**WORK ITEM:** Look below for the line with "Tabel Baja Profil"; begin the copy there and stop after the line with "I left sourdough", keeping the text exact and the pictures out.

**TASK DATA:**
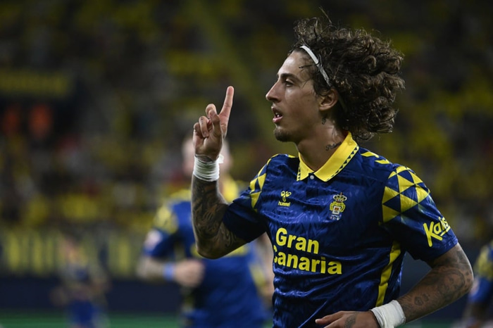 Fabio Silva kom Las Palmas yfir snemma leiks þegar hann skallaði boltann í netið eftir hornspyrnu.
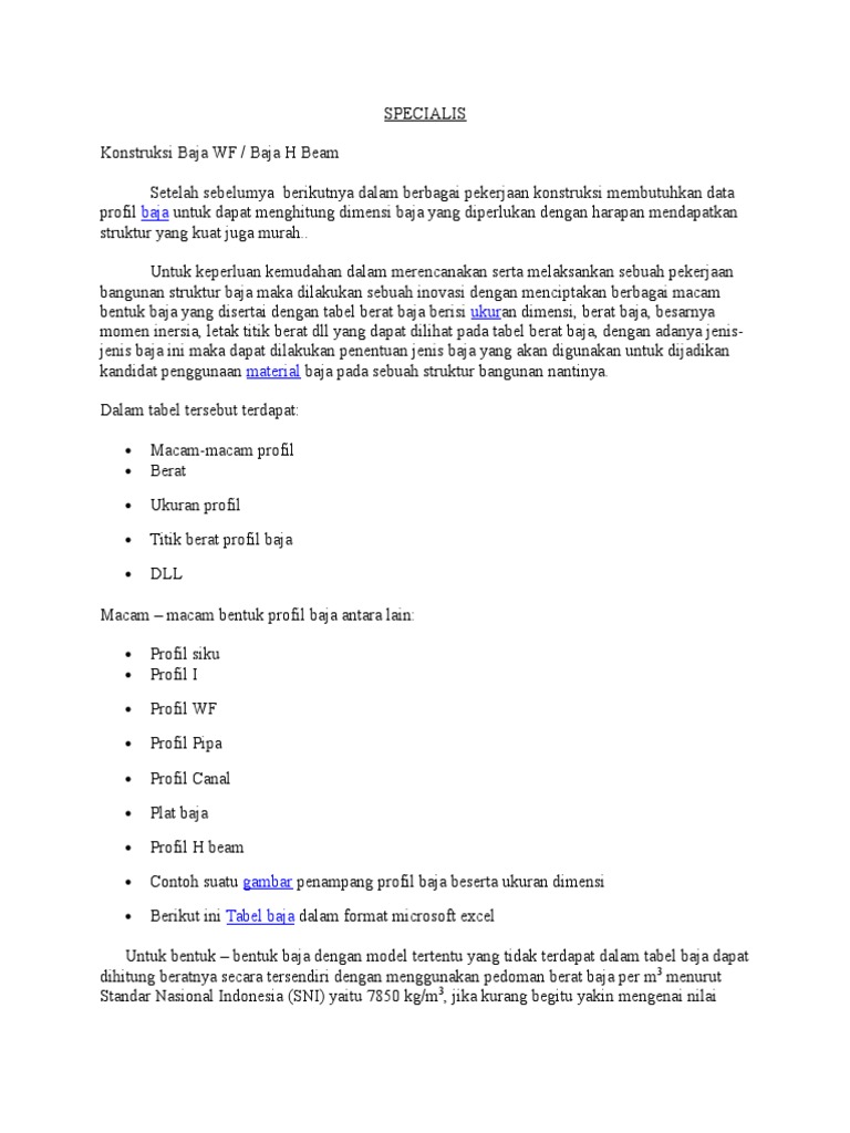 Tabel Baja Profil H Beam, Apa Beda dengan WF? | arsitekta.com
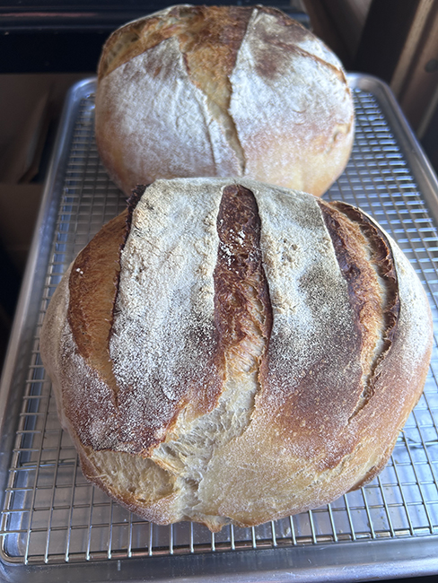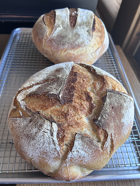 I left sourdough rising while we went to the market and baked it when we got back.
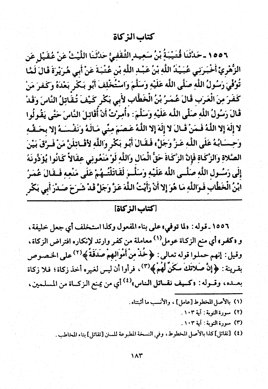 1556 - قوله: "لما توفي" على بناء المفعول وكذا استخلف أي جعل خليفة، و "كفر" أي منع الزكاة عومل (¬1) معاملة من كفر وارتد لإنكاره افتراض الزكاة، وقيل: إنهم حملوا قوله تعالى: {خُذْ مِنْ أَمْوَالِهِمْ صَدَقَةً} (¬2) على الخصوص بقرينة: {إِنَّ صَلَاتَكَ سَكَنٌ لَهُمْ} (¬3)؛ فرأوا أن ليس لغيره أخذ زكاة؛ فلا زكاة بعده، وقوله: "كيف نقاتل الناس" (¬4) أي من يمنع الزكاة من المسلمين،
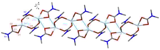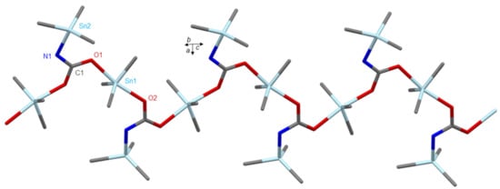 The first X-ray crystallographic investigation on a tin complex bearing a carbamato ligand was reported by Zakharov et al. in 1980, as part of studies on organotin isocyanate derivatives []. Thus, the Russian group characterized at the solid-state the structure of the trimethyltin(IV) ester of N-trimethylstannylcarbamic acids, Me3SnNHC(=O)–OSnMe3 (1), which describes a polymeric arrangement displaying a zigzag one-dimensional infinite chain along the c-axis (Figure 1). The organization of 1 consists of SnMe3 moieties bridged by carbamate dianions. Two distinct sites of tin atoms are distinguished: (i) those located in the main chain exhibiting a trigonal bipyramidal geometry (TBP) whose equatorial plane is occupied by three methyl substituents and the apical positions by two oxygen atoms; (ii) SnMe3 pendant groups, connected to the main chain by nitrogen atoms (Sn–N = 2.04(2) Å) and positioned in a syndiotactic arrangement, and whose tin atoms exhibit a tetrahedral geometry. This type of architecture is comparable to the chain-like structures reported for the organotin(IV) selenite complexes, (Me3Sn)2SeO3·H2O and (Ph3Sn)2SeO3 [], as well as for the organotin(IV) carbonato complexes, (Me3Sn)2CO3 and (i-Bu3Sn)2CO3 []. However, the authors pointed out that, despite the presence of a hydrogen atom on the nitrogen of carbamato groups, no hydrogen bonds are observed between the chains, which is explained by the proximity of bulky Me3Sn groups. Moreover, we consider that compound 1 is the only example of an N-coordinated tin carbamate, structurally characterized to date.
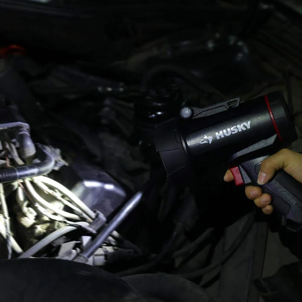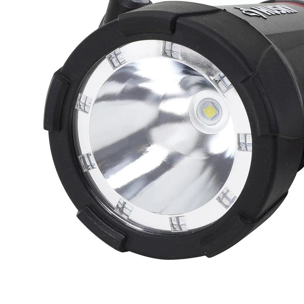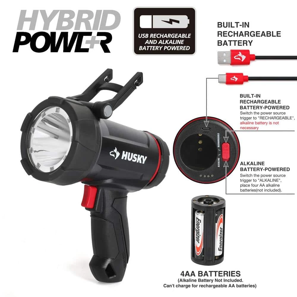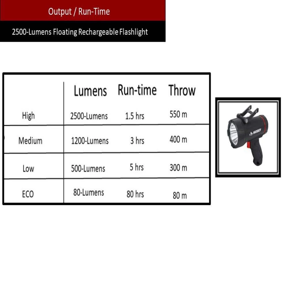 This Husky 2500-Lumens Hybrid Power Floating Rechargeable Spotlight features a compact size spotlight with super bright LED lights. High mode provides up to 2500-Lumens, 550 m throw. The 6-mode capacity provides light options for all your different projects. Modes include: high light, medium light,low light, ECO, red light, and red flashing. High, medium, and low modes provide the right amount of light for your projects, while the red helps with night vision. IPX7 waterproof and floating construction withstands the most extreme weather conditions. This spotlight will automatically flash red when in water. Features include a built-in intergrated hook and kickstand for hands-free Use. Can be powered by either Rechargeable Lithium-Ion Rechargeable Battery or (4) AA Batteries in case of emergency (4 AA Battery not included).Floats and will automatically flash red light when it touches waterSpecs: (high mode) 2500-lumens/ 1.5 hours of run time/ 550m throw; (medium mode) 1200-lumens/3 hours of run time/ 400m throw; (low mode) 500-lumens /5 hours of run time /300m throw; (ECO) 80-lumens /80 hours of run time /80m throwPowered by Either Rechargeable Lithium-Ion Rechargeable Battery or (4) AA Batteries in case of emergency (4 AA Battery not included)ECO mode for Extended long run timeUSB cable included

* * *

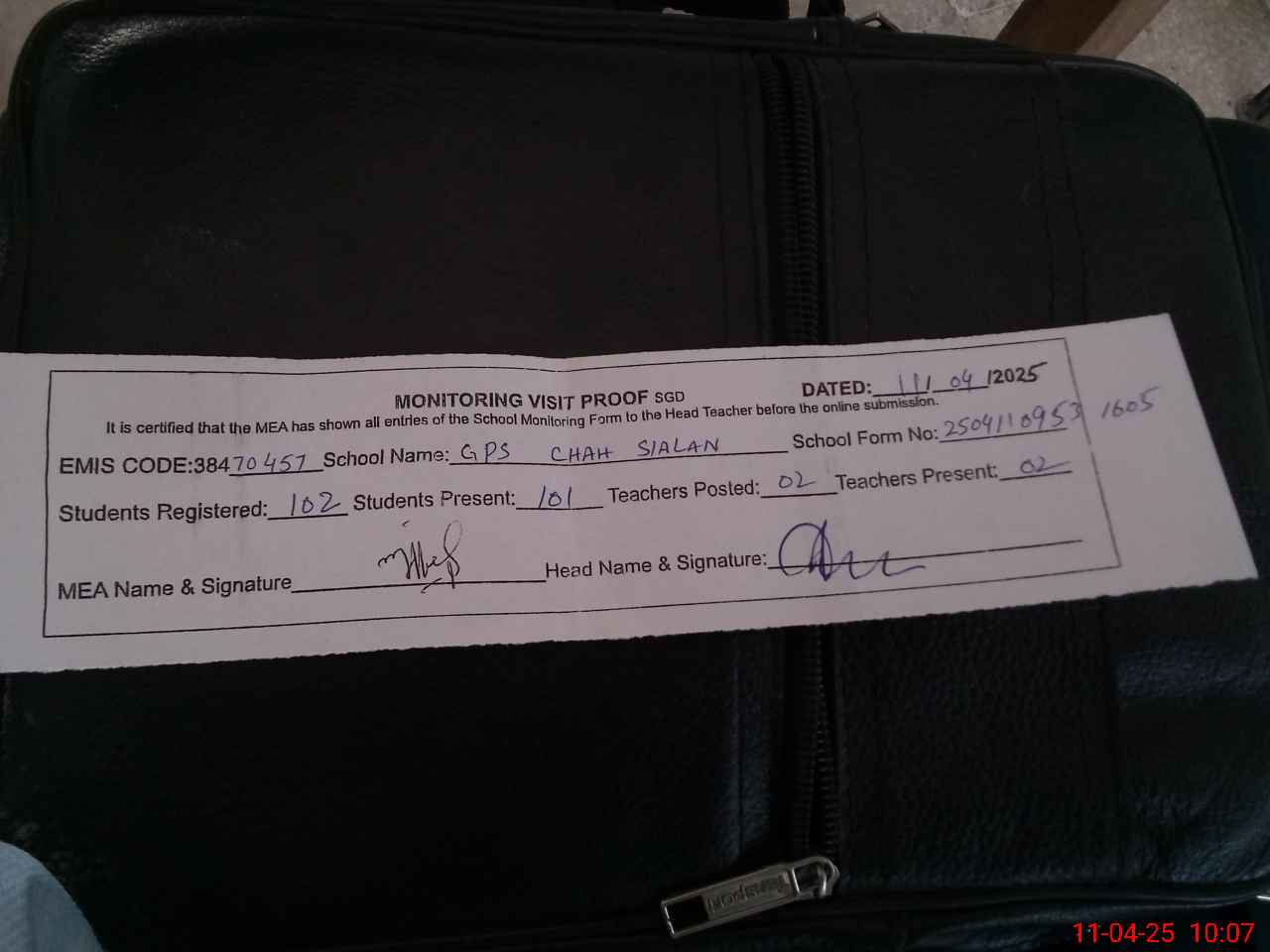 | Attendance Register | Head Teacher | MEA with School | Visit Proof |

==

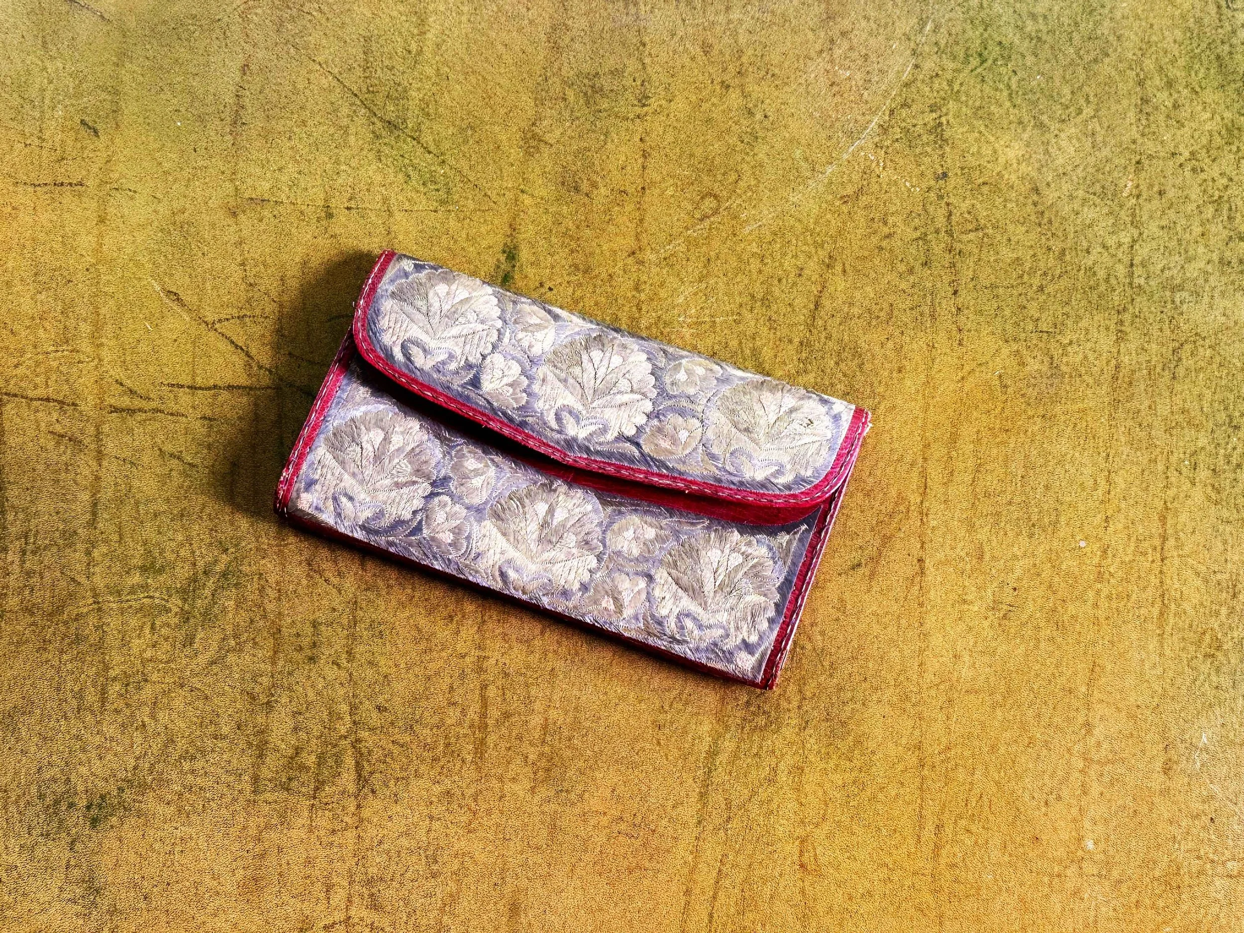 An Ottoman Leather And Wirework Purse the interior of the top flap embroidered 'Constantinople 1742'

**EXPECTED OUTPUT:**
 Tabel Baja Profil H Beam, Apa Beda dengan WF? | arsitekta.com
 I left sourdough rising while we went to the market and baked it when we got back.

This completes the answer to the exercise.